BDM is one of several federal contractors seeking a future in state and local government markets

A $27.5 million contract BDM Federal won earlier this month with the Dayton, Ohio, public school system represents the kind of deal BDM president Philip Odeen plans to target in the future.

BDM will operate the school district's information services department and develop an information system that brings together financial management, human resources and student information, Odeen said. The contract may be significantly smaller than the $774 million information technology corporation is used to garnering from the Defense Department, but with the Pentagon slimming its budgets, state and local governments are becoming an increasingly hot prospect for many federal contractors.

"The move into state and local governments is picking up steam," said Robert Dornan, senior vice president of McLean, Va.-based Federal Sources Inc., a consulting firm that specializes in federal, state and local infotech markets.

In addition to BDM, companies such as Science Applications International Corp., PRC, Anderson, EDS

and Oracle are all focusing increased efforts on capturing state and local government contracts.

Historically, the commercial groups of large corporations were responsible for winning local and state government business. But that strategy wasn't working too well because commercial groups tended to take "the path of least resistance, the path that brought in the most money," and those deals weren't with local governments, Dornan said.

Now companies are giving their federal divisions a chance to try their hand at winning state and local government business.

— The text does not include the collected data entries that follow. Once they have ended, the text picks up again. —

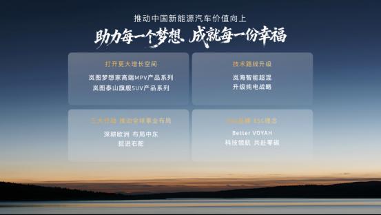 推动中国新能源汽车价值向上,这是时代赋予汽车人的使命,也是岚图对用户作出的郑重承诺。站在智能化下半场的潮头,岚图汽车将与时代同频共振,继续为用户的美好生活赋能,为汽车强国建设贡献岚图力量!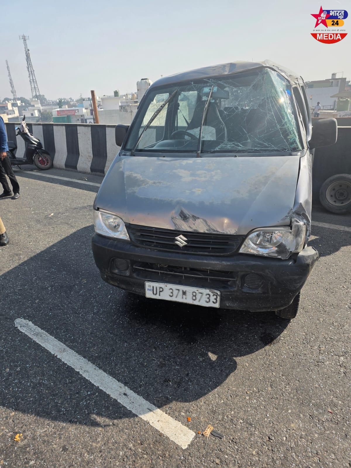 दिल्ली-लखनऊ राष्ट्रीय राजमार्ग पर भीषण हादसा: ईको कार और ट्रक की टक्कर, चार लोग गंभीर रूप से घायल।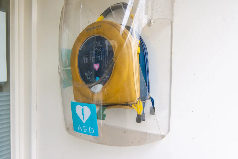 Am Empfangsgebäude hängt ein AED (Automatisierter Externer Defibrillator), der im Falle eines Herzstillstands eingesetzt werden kann.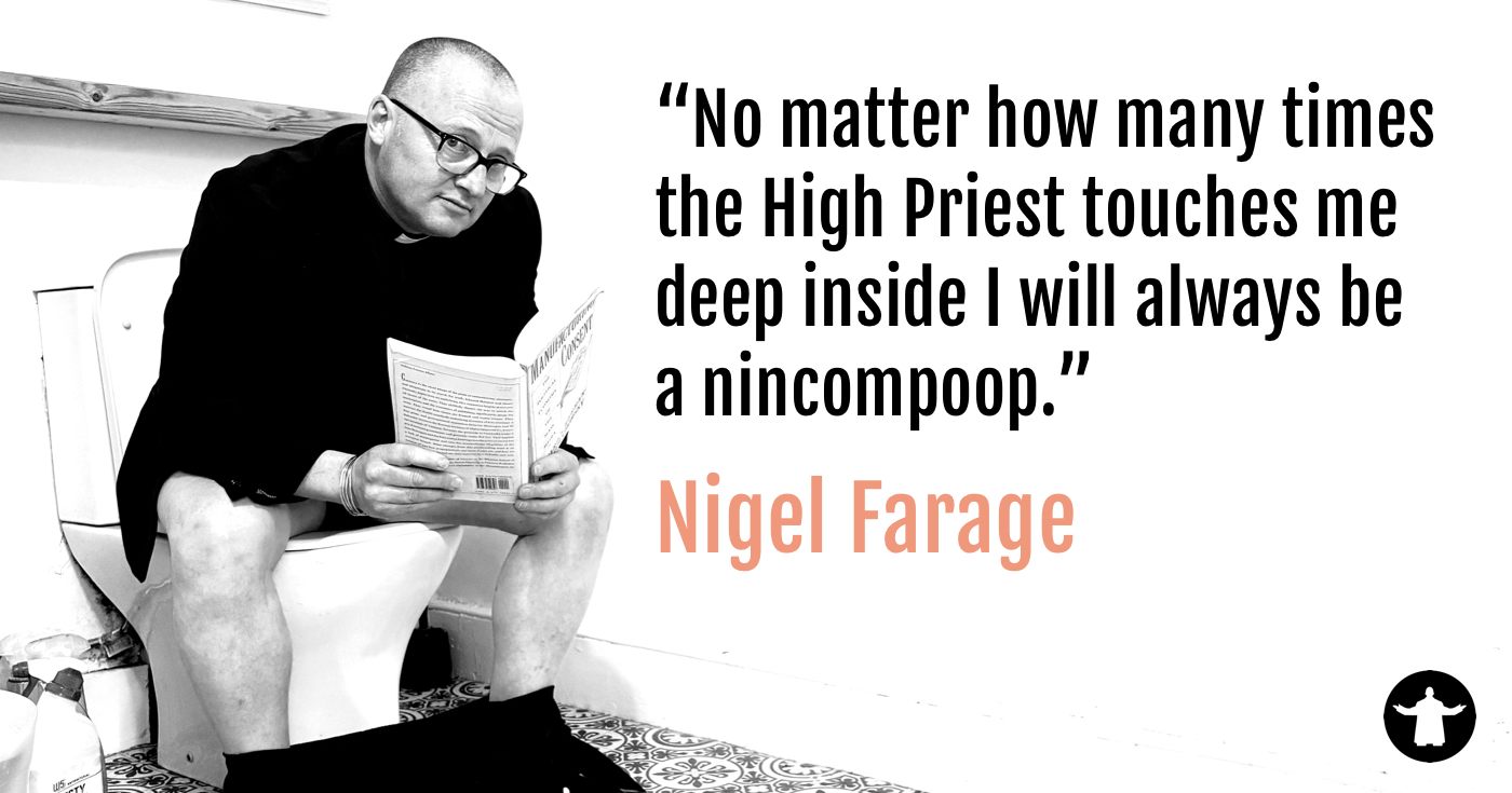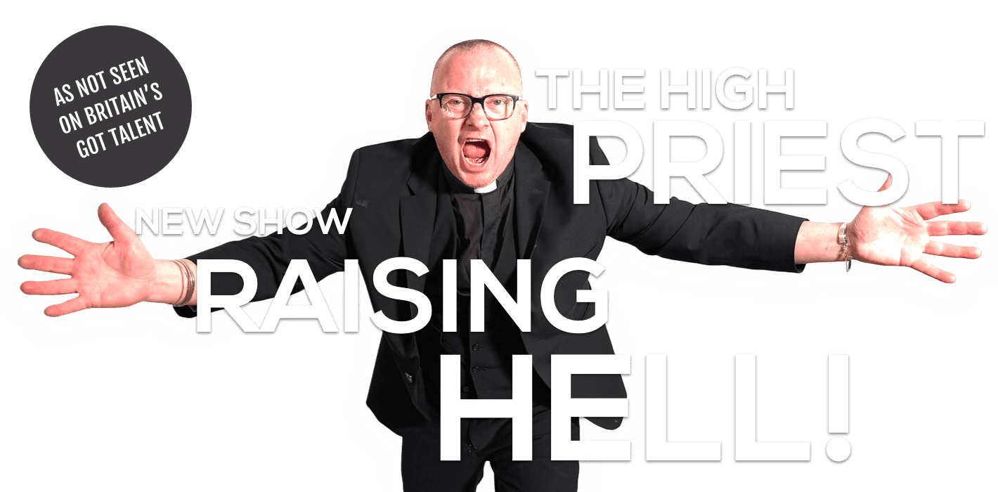 Straight out of the deep south of England, Folkestone twinned with Alabama, the High Priest spreads the love and touches all deep inside regardless of colour, creed, gender or origin… But he does draw the line if you appeared on Britain’s Got Talent. After being thrown out of the church for using profanity in services, sampling the blessed wine a little too often and touching single mothers deep inside, he now performs his services in pubs, clubs, venues… and toilets, basically anywhere that will let him inside.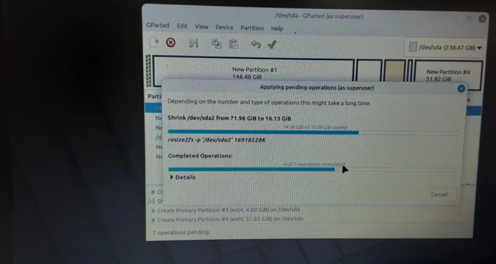 Com es pot veure, l’operació més crítica i la que més temps requereix és la de redimensionar la partició original (/dev/sda2), ja que ha de moure i reajustar les dades existents, com s’indica a la línia: Shrink /dev/sda2 from 71.96 GiB to 16.13 GiB.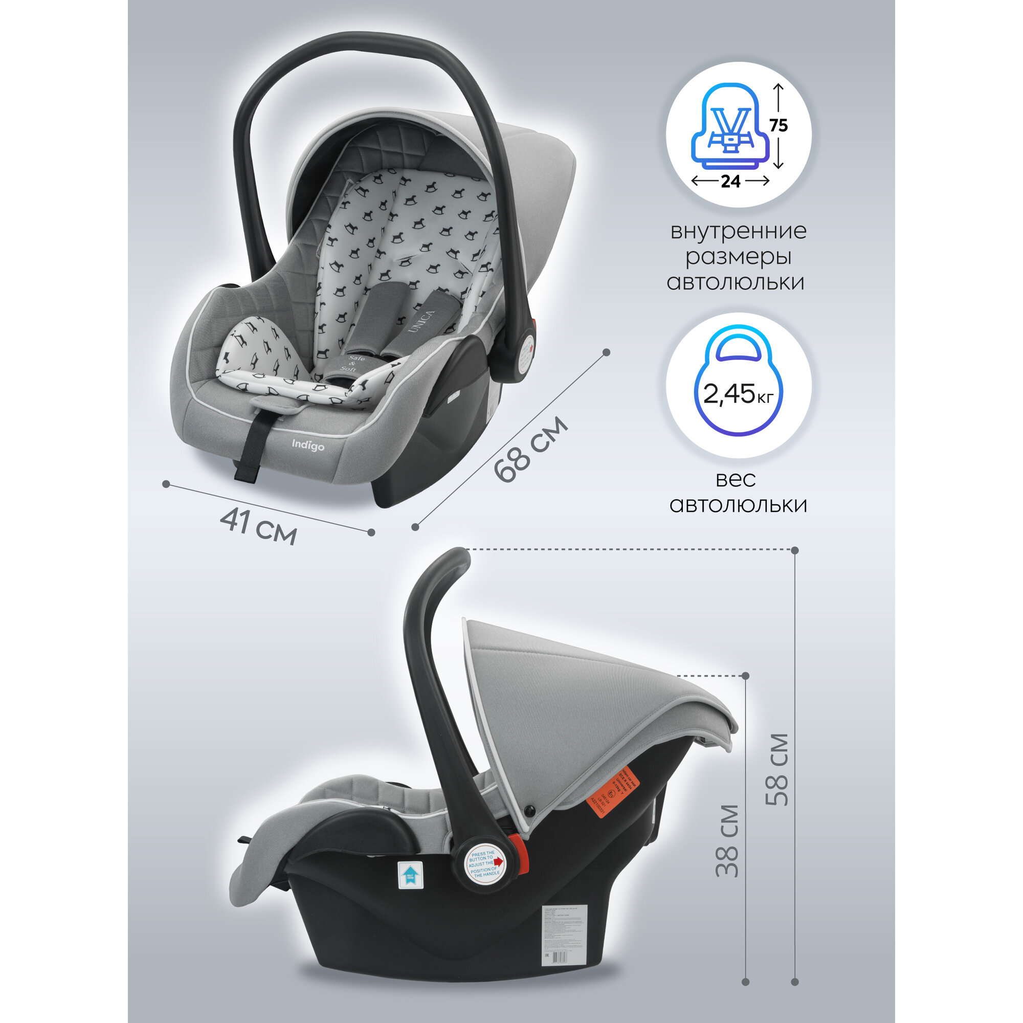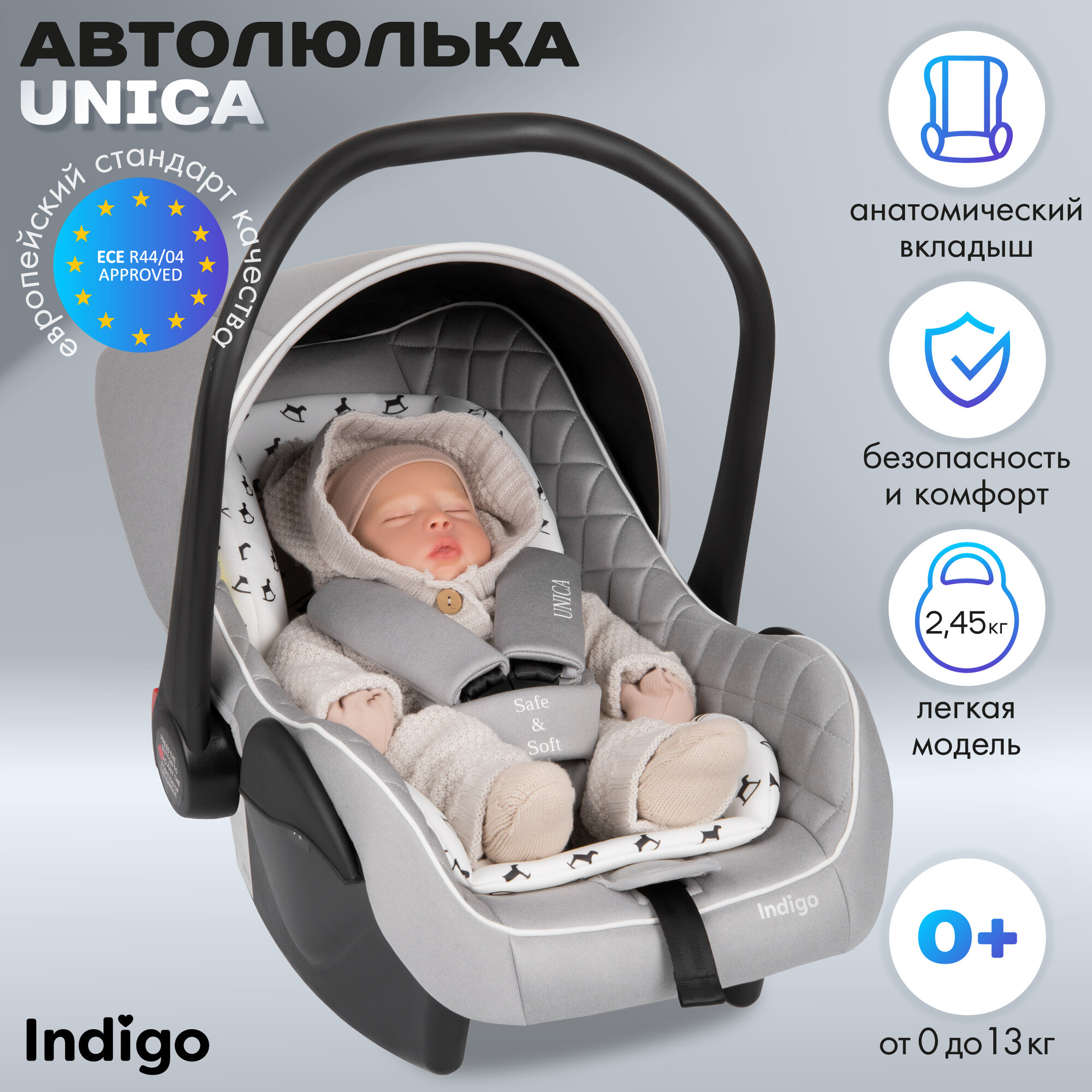 Купить Автокресло Indigo UNICA, группа 0+, 0-13 кг, св. серый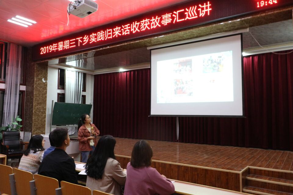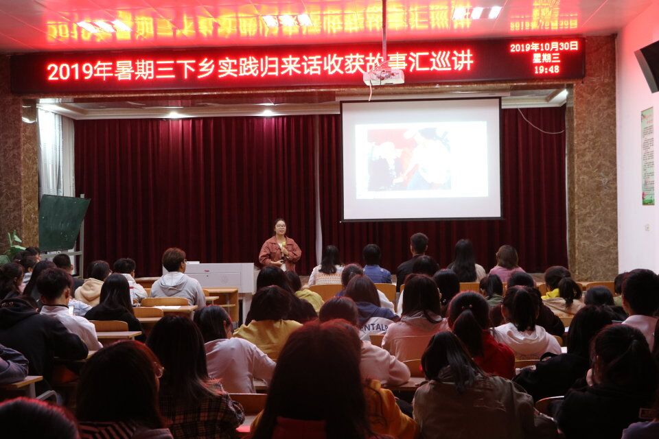 为进一步宣传展示实践成果,深入了解社会实践活动,由商丘师范学院校团委主办的"2019年暑期三下乡实践归来话收获故事汇巡讲" 活动于10月30日晚在睢阳区生物报告厅圆满举行。本次故事汇巡讲活动共有19个团队参加。

The people who are used to dealing with the federal government have an easier time managing the bureaucracies and the frustrating procurement issues that companies face when selling to any government, Dornan said. These individuals need patience to deal with each locality's peculiarities -- patience that workers in the

federal units presumably learned dealing with the federal bureaucracy.

BDM Federal is one such firm that is looking at the 30,000 jurisdictions around the United States as a way to supplement its federal business. BDM Federal, which still earns 60 percent of its revenues from the Department of Defense, is concentrating on providing information technologies to schools. BDM Federal is creating an information system for Prince William County Public Schools in Virginia, Washoe County, Nev., schools, and most recently won the deal for Dayton public schools.

"This contract with the Dayton Public Schools further confirms BDM's position as the nation's leading K-12 information technology systems integrator," said Odeen in announcing the award in April.